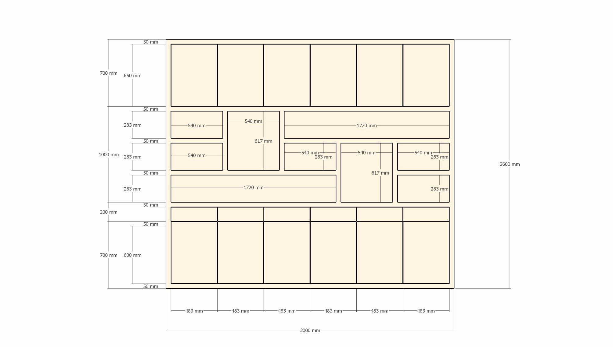 Der Schrank Lanzarote 02 mit Fächern ist die ideale Lösung für alle, die einen stilvollen und funktionalen Schrank mit einem modernen Look suchen. Mit seinen großzügigen Abmessungen von 300x40x260H cm bietet dieser Schrank nicht nur viel Stauraum, sondern auch einen eleganten, modernen Look, der sich mühelos in jede Einrichtung einfügt. Der Schrank verfügt über Push-to-Open-Türen und Push-to-Open-Schubladen, die ihm ein minimalistisches Aussehen ohne sichtbare Griffe verleihen, was für ein besonders elegantes Finish und eine benutzerfreundliche Erfahrung sorgt.
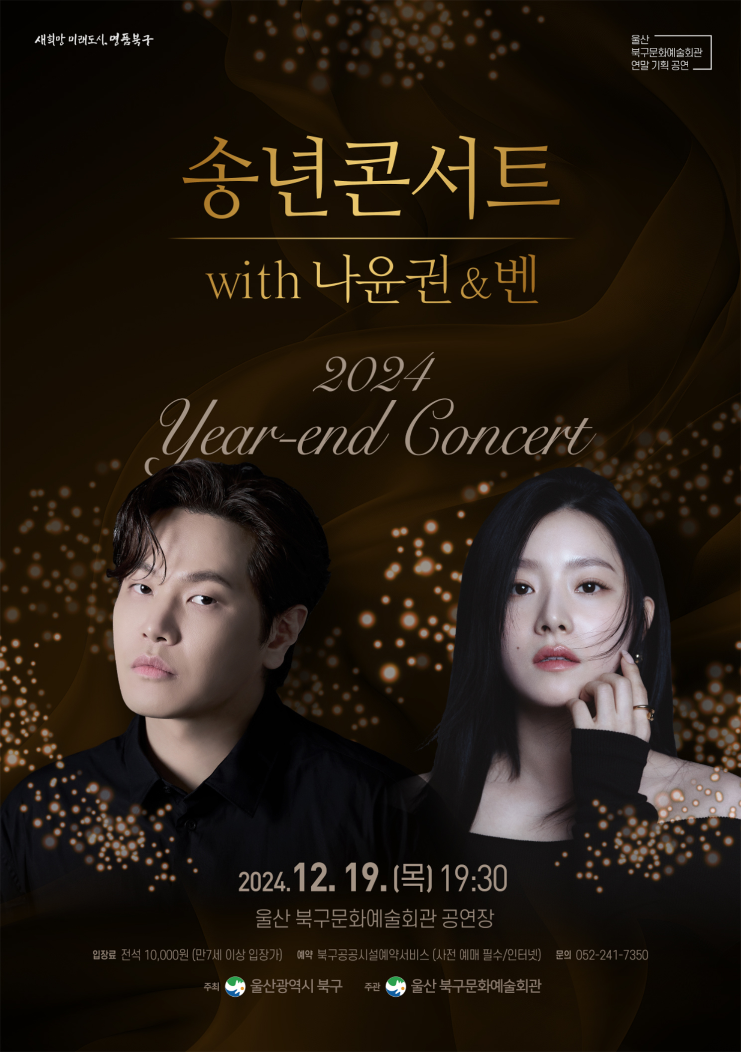 북구문화예술회관 2024 송년콘서트 북구문화예술회관은 12월 송년을 맞이하여 가창력과 인지도를 겸비한 '벤', '나윤권'을 초청하여 지역주민들의 다양하고 품격 있는 문화생활을 제공하고자 기획되었습니다. 이번 송년콘서트의 고품격 공연을 통해 추워지는 날씨를 잊을만큼 몸과 마음이 따뜻해지는 낭만 가득한 하루를 보내보시길 바랍니다.
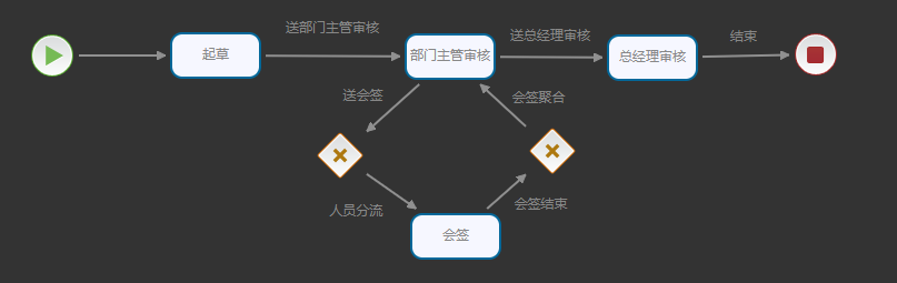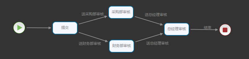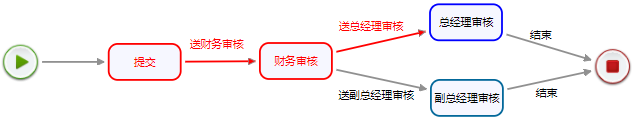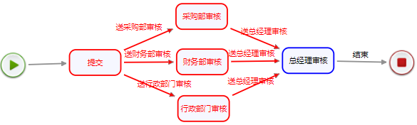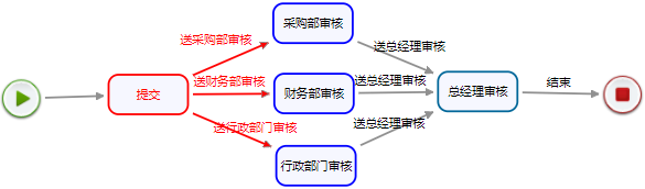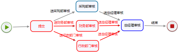 应用案例 :文件在部门主管审核结束后要送采购部、财务部的人员进行会签,在采购和财务的人员会签结束后,才能送到总经理处审核流程如图:
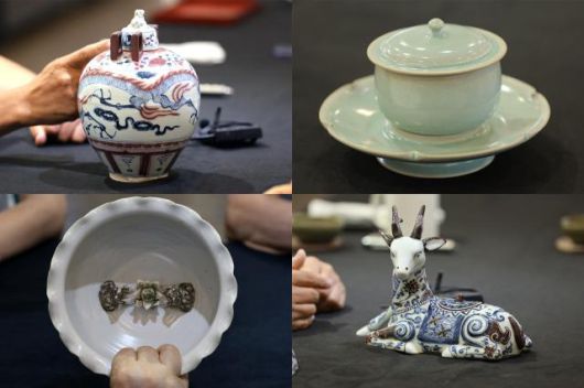 (Clockwise from top left) Lidded jar with blue-and-white underglaze red cloud and dragon chasing pearl design from the late Yuan to early Ming period, Ru ware covered bowl with lotus-shaped saucer from the Northern Song period, blue-and-white incense burner in the shape of a deer with iron-painted details from the Ming Xuande period, and Ding ware bowl with lotus petal decoration and wavy rim from the Northern Song period. Economic Daily Park Myung-seob |

YOUR INSTRUCTIONS: Give the listing above again exactly, minus any images.

SOLUTION FOR THIS PROBLEM:
 Der Schrank Lanzarote 02 mit Fächern ist die ideale Lösung für alle, die einen stilvollen und funktionalen Schrank mit einem modernen Look suchen. Mit seinen großzügigen Abmessungen von 300x40x260H cm bietet dieser Schrank nicht nur viel Stauraum, sondern auch einen eleganten, modernen Look, der sich mühelos in jede Einrichtung einfügt. Der Schrank verfügt über Push-to-Open-Türen und Push-to-Open-Schubladen, die ihm ein minimalistisches Aussehen ohne sichtbare Griffe verleihen, was für ein besonders elegantes Finish und eine benutzerfreundliche Erfahrung sorgt.
 북구문화예술회관 2024 송년콘서트 북구문화예술회관은 12월 송년을 맞이하여 가창력과 인지도를 겸비한 '벤', '나윤권'을 초청하여 지역주민들의 다양하고 품격 있는 문화생활을 제공하고자 기획되었습니다. 이번 송년콘서트의 고품격 공연을 통해 추워지는 날씨를 잊을만큼 몸과 마음이 따뜻해지는 낭만 가득한 하루를 보내보시길 바랍니다.
 应用案例 :文件在部门主管审核结束后要送采购部、财务部的人员进行会签,在采购和财务的人员会签结束后,才能送到总经理处审核流程如图:
 (Clockwise from top left) Lidded jar with blue-and-white underglaze red cloud and dragon chasing pearl design from the late Yuan to early Ming period, Ru ware covered bowl with lotus-shaped saucer from the Northern Song period, blue-and-white incense burner in the shape of a deer with iron-painted details from the Ming Xuande period, and Ding ware bowl with lotus petal decoration and wavy rim from the Northern Song period. Economic Daily Park Myung-seob |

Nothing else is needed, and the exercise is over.